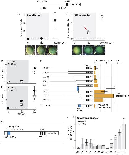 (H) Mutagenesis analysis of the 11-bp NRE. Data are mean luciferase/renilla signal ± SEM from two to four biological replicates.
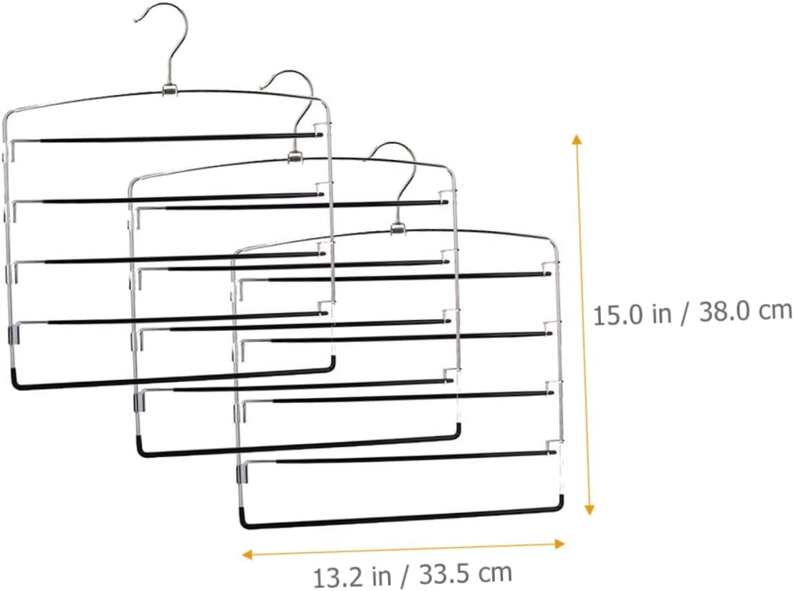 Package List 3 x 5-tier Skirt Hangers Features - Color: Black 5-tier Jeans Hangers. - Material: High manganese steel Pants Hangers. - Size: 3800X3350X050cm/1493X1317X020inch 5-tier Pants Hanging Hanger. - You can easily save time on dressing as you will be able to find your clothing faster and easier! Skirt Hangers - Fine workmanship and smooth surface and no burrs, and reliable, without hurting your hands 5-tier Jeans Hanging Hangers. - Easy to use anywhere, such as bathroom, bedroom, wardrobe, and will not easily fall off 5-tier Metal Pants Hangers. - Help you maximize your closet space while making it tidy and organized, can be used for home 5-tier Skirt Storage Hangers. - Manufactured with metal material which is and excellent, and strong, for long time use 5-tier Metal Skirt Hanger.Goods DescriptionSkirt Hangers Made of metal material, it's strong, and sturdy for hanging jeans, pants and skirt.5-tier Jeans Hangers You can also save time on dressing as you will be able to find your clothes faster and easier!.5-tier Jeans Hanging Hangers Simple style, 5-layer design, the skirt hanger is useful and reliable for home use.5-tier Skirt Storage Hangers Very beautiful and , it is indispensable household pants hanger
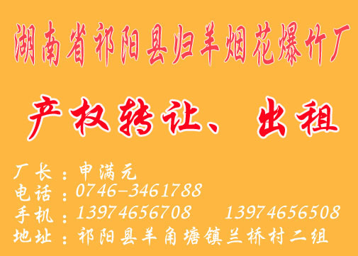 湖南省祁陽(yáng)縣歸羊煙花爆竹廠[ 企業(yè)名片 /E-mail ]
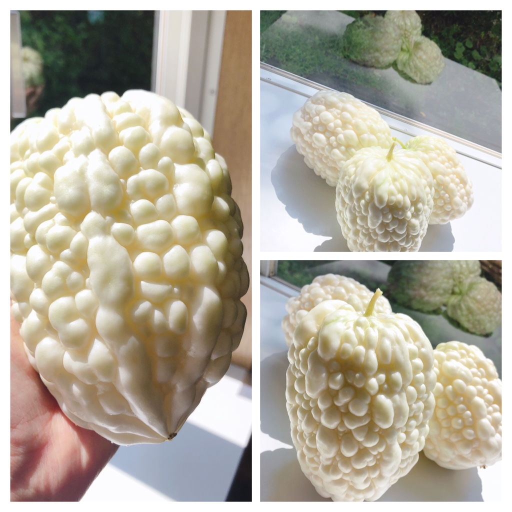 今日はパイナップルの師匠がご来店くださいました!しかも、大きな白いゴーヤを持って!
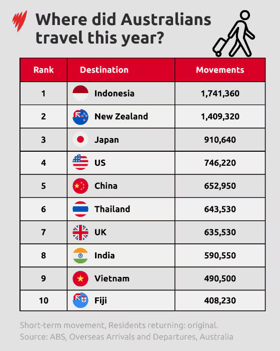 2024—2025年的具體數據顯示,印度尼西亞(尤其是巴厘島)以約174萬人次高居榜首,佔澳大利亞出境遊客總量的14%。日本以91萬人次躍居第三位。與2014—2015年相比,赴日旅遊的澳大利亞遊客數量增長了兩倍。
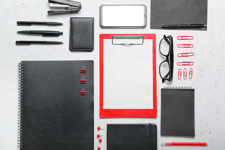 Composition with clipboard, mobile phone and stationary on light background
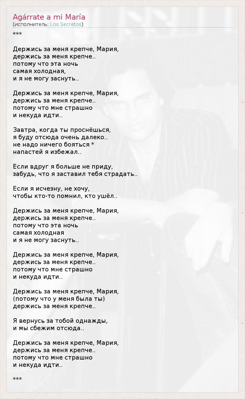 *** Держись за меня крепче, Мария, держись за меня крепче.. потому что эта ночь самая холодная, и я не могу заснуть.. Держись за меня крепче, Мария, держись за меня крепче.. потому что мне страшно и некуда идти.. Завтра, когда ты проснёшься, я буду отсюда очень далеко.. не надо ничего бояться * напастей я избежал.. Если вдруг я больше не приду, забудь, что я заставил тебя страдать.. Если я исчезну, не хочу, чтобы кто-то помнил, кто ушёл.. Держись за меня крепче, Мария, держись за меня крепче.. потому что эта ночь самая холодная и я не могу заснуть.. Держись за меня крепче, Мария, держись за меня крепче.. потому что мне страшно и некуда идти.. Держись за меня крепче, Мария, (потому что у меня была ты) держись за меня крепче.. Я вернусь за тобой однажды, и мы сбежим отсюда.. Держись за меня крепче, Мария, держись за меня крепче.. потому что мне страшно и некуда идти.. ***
___
### TASK INSTRUCTIONS
From the first record above to the last, output each one exactly and omit the pictures.

### WRITTEN ANSWER
 (H) Mutagenesis analysis of the 11-bp NRE. Data are mean luciferase/renilla signal ± SEM from two to four biological replicates.
 Package List 3 x 5-tier Skirt Hangers Features - Color: Black 5-tier Jeans Hangers. - Material: High manganese steel Pants Hangers. - Size: 3800X3350X050cm/1493X1317X020inch 5-tier Pants Hanging Hanger. - You can easily save time on dressing as you will be able to find your clothing faster and easier! Skirt Hangers - Fine workmanship and smooth surface and no burrs, and reliable, without hurting your hands 5-tier Jeans Hanging Hangers. - Easy to use anywhere, such as bathroom, bedroom, wardrobe, and will not easily fall off 5-tier Metal Pants Hangers. - Help you maximize your closet space while making it tidy and organized, can be used for home 5-tier Skirt Storage Hangers. - Manufactured with metal material which is and excellent, and strong, for long time use 5-tier Metal Skirt Hanger.Goods DescriptionSkirt Hangers Made of metal material, it's strong, and sturdy for hanging jeans, pants and skirt.5-tier Jeans Hangers You can also save time on dressing as you will be able to find your clothes faster and easier!.5-tier Jeans Hanging Hangers Simple style, 5-layer design, the skirt hanger is useful and reliable for home use.5-tier Skirt Storage Hangers Very beautiful and , it is indispensable household pants hanger
 湖南省祁陽(yáng)縣歸羊煙花爆竹廠[ 企業(yè)名片 /E-mail ]
 今日はパイナップルの師匠がご来店くださいました!しかも、大きな白いゴーヤを持って!
 2024—2025年的具體數據顯示,印度尼西亞(尤其是巴厘島)以約174萬人次高居榜首,佔澳大利亞出境遊客總量的14%。日本以91萬人次躍居第三位。與2014—2015年相比,赴日旅遊的澳大利亞遊客數量增長了兩倍。
 Composition with clipboard, mobile phone and stationary on light background
 *** Держись за меня крепче, Мария, держись за меня крепче.. потому что эта ночь самая холодная, и я не могу заснуть.. Держись за меня крепче, Мария, держись за меня крепче.. потому что мне страшно и некуда идти.. Завтра, когда ты проснёшься, я буду отсюда очень далеко.. не надо ничего бояться * напастей я избежал.. Если вдруг я больше не приду, забудь, что я заставил тебя страдать.. Если я исчезну, не хочу, чтобы кто-то помнил, кто ушёл.. Держись за меня крепче, Мария, держись за меня крепче.. потому что эта ночь самая холодная и я не могу заснуть.. Держись за меня крепче, Мария, держись за меня крепче.. потому что мне страшно и некуда идти.. Держись за меня крепче, Мария, (потому что у меня была ты) держись за меня крепче.. Я вернусь за тобой однажды, и мы сбежим отсюда.. Держись за меня крепче, Мария, держись за меня крепче.. потому что мне страшно и некуда идти.. ***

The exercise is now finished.